Second, with data pooled from both studies, we evaluated whether the distribution of PHQ9 scores varied by sociodemographic characteristics, health-related status, or study base (i.e. community or facility). As the distribution of PHQ9 scores was skewed we could not use linear regression to test for associations. Instead, we report the median and interquartile range for each stratum and used the Kruskal–Wallis test to test for an association between the measure and the PHQ9 score. For the test of association between suicidal ideation and PHQ9 score, we excluded the final item on the PHQ9 from the total outcome score, as this item also pertains to suicidality. We repeated the associations analysis with a binary PHQ9 score, reported the proportion of participants in each category who screen positive (PHQ9 ≥ 10), and used Fisher’s exact to calculate P values for the differences in proportions. And then we repeated the second part of this analysis for each separate study sample.

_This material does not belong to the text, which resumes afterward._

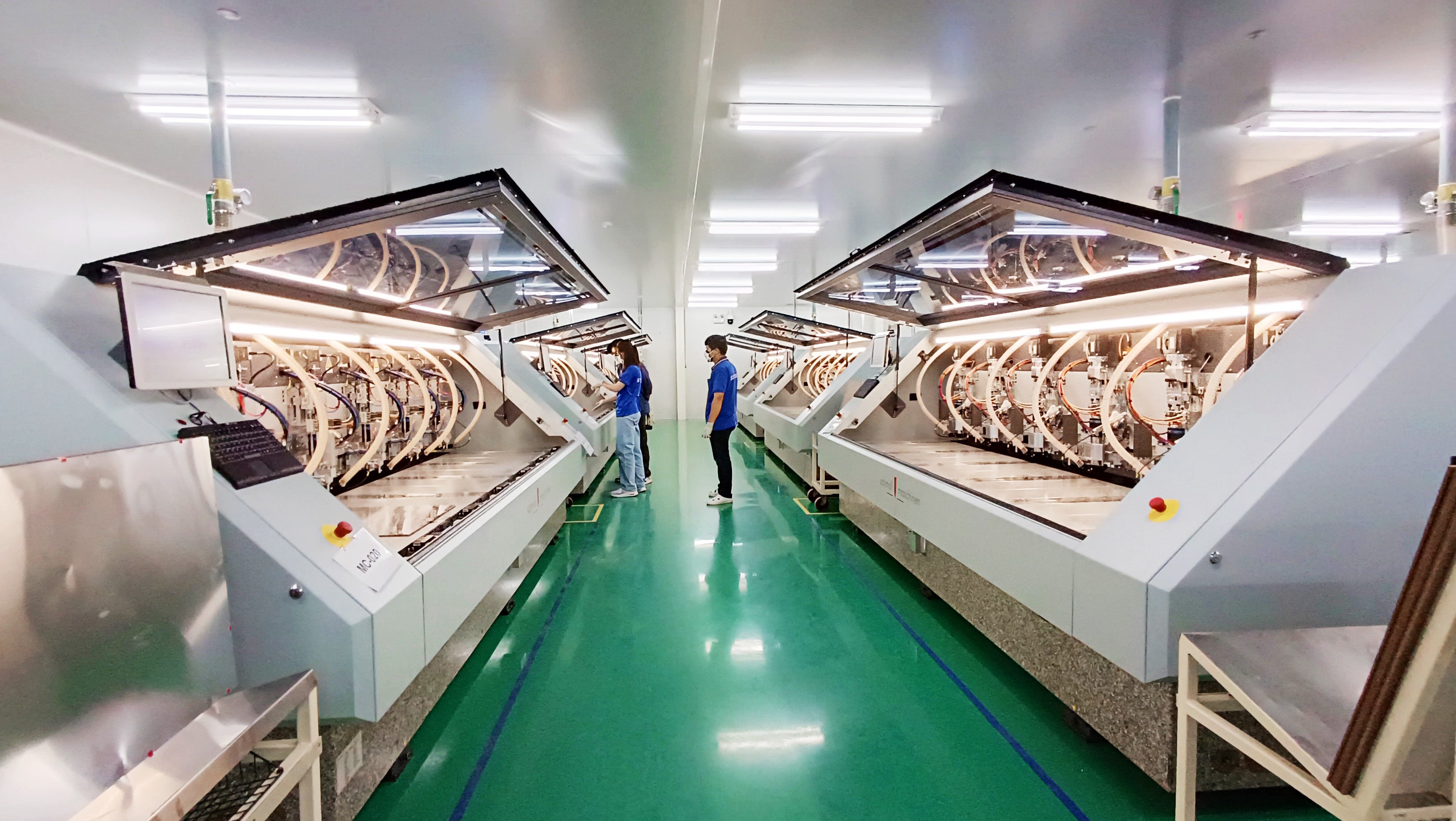 生産性を最大化するために、私たちは業界で最も先進的な機械設備を使用しています。これらの機械設備には、 N6-200 の Schmoll Maschinen ドリルマシン 12 台が含まれます。各ドリルマシンには、最大 200k RPM で回転する 6 軸のスピンドルがあり、ドリル高さのコントロールが可能です。さらに、Hans Laser のレーザー・ダイレクト・イメー ジング (LDI) 技術と Universal (UCE) のウェット加工技術により、優れた精度と優れた製品を提供可能です。

Third, we report on the primary outcomes of the two parent studies as they pertain to this sub-sample of perinatal women. From the Community Study, we report the change, from baseline to follow-up, in the proportion of PHQ9-positive participants who reported seeking care from a health care provider for symptoms relating to depression. And from the Facility Study, we report the change from baseline to follow-up, in the proportion of PHQ9-positive participants who reported a diagnosis of depression in their clinical consultation. We tested for differences in these proportions using Fisher’s exact test.
We completed all analyses in Stata SE 14.2 (College Station, TX, USA) (Stata code in Additional file 1).